# Task details
The answer must consist solely of the lines below starting at the one containing "Wehrmacht Heer Krimschild." and ending at the one containing "隨著傍晚的到來,白天一絲不茍", repeated exactly, with both ends included and all pictures omitted.

# Materials provided
• • • • • • •

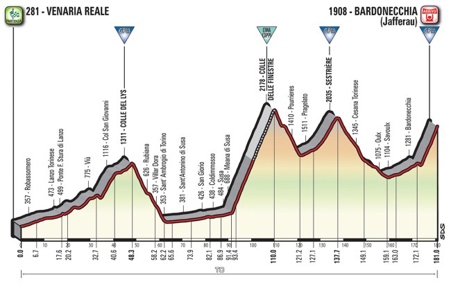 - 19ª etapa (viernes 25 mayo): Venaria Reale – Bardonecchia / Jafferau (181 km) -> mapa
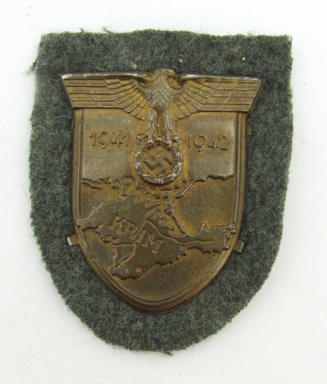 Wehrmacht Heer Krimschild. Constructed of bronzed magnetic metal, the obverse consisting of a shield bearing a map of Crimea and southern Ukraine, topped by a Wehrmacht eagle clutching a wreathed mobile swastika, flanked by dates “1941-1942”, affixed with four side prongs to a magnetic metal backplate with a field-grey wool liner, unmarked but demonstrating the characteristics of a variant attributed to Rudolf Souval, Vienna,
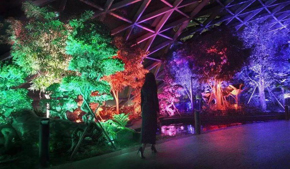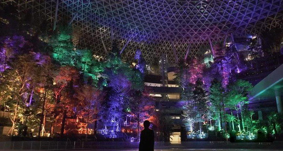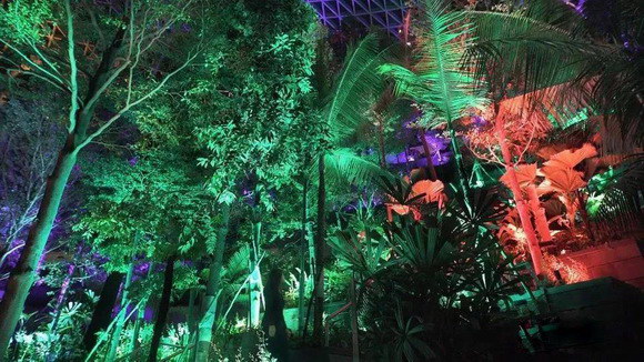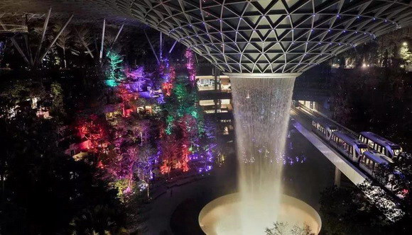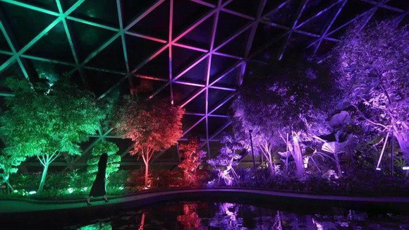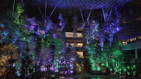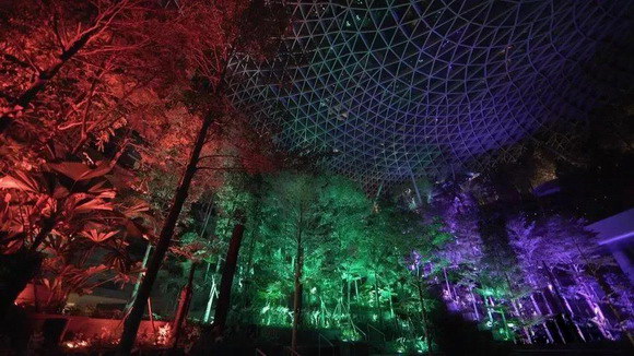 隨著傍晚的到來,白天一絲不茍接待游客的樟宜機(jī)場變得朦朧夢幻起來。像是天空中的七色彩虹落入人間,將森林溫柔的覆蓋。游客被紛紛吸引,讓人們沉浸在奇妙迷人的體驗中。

• • • • • • •

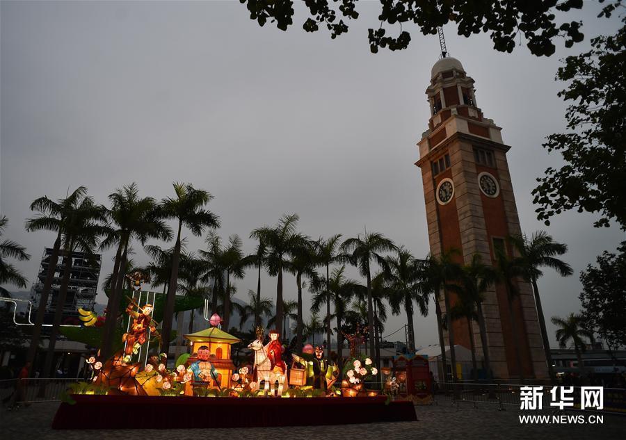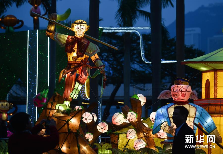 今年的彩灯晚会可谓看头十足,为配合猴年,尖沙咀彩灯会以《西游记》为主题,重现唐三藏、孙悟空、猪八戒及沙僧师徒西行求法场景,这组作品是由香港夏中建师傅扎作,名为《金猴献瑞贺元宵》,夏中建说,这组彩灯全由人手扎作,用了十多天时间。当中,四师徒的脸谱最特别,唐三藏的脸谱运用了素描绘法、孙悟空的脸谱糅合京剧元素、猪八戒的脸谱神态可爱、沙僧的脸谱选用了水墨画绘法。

• • • • • • •

# Task result
 Wehrmacht Heer Krimschild. Constructed of bronzed magnetic metal, the obverse consisting of a shield bearing a map of Crimea and southern Ukraine, topped by a Wehrmacht eagle clutching a wreathed mobile swastika, flanked by dates “1941-1942”, affixed with four side prongs to a magnetic metal backplate with a field-grey wool liner, unmarked but demonstrating the characteristics of a variant attributed to Rudolf Souval, Vienna,
 隨著傍晚的到來,白天一絲不茍接待游客的樟宜機(jī)場變得朦朧夢幻起來。像是天空中的七色彩虹落入人間,將森林溫柔的覆蓋。游客被紛紛吸引,讓人們沉浸在奇妙迷人的體驗中。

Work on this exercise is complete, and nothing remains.